6. En deuxième lieu, aux termes de l'article 5 du règlement précité du 26 juin 2013, relatif à l'entretien individuel : " 1. Afin de faciliter le processus de détermination de l'État membre responsable, l'État membre procédant à cette détermination mène un entretien individuel avec le demandeur. Cet entretien permet également de veiller à ce que le demandeur comprenne correctement les informations qui lui sont fournies conformément à l'article 4. (...) / 5. L'entretien individuel (...) est mené par une personne qualifiée en vertu du droit national. / 6. L'État membre qui mène l'entretien individuel rédige un résumé qui contient au moins les principales informations fournies par le demandeur lors de l'entretien. (...) ".

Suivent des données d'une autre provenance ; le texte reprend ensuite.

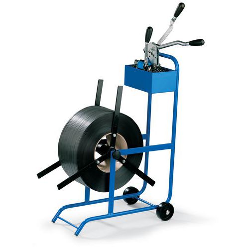 Pojízdný odvíječ je díky nastavitelné šířce i průměru bubnu univerzální pro všechny rozměry dutinek polypropylenových vázacích pásek.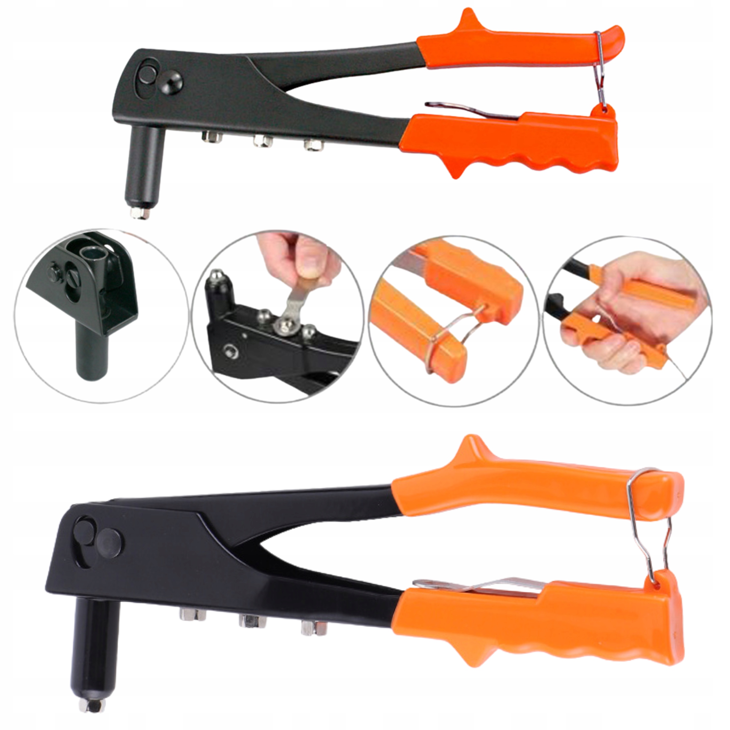 РУЧНИЙ КЛЕПАЛЬНИК для міцних заклепок, 4 наконечники, алюмінієві сталеві заклепки, 240 мм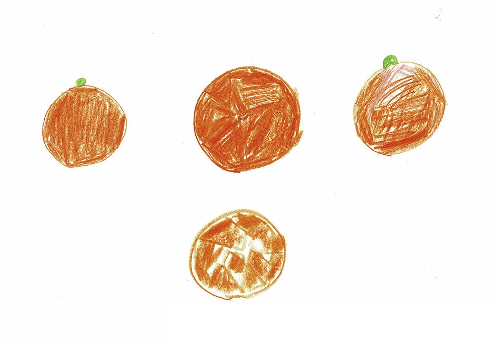 和歌山といえば「みかん」を描いた絵をパターン化していきます。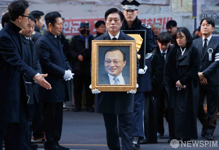 [서울=뉴스핌] 윤창빈 기자 = 31일 오전 서울 여의도 더불어민주당 중앙당사에서 엄수된 고(故) 이해찬 민주평화통일자문회의 수석부의장 노제에서 조승래 더불어민주당 사무총장이 영정을 들고 당사로 들어서고 있다. 2026.01.31 pangbin@newspim.com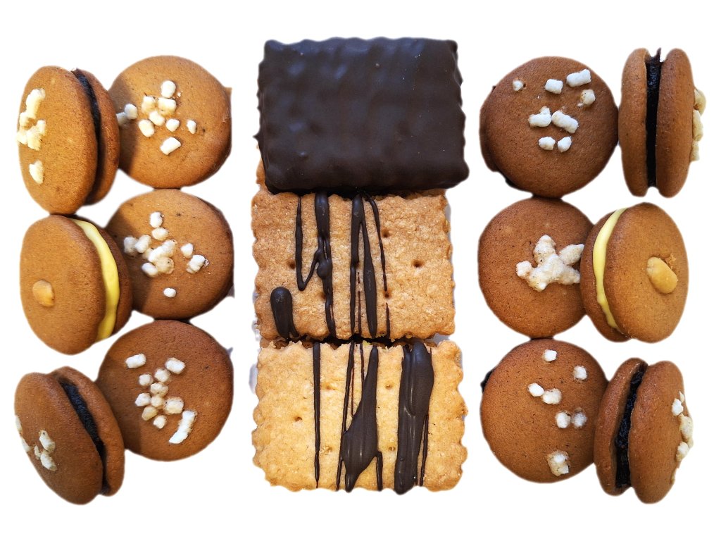 Zloženie: ryžová múka, cukor,zemiakový škrob, kukuričný škrob, zemiaková múka, kokos, slivkový lekvár ( slivkový pretlak (63%), jablčný pretlak (21%), cukor,glukózovo-fruktózový sirup, karamelizovaný cukor, zahusťovadlo: xantán, regulátor kyslosti: kyselina citrónová ), glukóza, úplne hydrogénovaný rastlinný olej kokosový, tmavá poleva ( cukor, úplne hydrogénovaný rastlinný tuk kokosový, kakaový prášok so zníženým obsahom tuku (16%), emulgátor: slnečnicový lecitín, aróma: vanilín ), lieskovo-oriešková náplň ( cukor, nehydrogenovaný rastlinný olej repkový, lieskové oriešky (8%), kakaový prášok so zníženým obsahom tuku, laktóza, kukuričný škrob, emulgátor: slnečnicový lecitín), citrónová náplň (cukor,nehydrogenovaný olej:slnečnicový, sójový,repkový,palmový, sušené odstredené mlieko 10%, sušená srvátka,laktóza, prírodné citrónové farbivo,emulgátor: sójový lecitín,prírodné farbivá karotény), vajcia, med 1% ,objemové činidlo: jedlá sóda, škorica, muškátový orech, koriander, zázvor, fenikel, klinček, nové korenie, aníz, badián, čierne korenie, kardamón, arašida

7. En l'espèce, il ressort des pièces du dossier que le requérant a bien bénéficié le 7 octobre 2020 de l'entretien individuel prévu par ces dispositions. Il résulte du compte-rendu de cet entretien qu'il a été conduit par un agent habilité de la préfecture et il ne ressort pas des pièces du dossier que celui-ci n'aurait pas été une personne qualifiée au sens des dispositions précitées. Par conséquent, et alors même que le patronyme de cet agent n'est pas mentionné, le moyen tiré de la méconnaissance des dispositions de l'article 5 du règlement précité ne peut qu'être écarté.

8. En troisième lieu, il ressort des pièces du dossier que le préfet d'Ille-et-Vilaine a saisi les autorités autrichiennes d'une demande de transfert de M. D... sur le fondement du b) du 1 de l'article 18 du règlement (UE) n° 604/2013 du 26 juin 2013 et que ces dernières ont explicitement accepté ce transfert sur ce fondement en se référant au point 5 de l'article 20 du même règlement. Ces mêmes éléments sont repris dans l'arrêté contesté et le préfet n'était pas autrement tenu de motiver en droit sa décision au regard du règlement mentionné. Par suite, M. D... n'est pas fondé à soutenir que la décision contestée serait dépourvue de fondement légal et, en tout état de cause, insuffisamment motivée en droit pour ce motif.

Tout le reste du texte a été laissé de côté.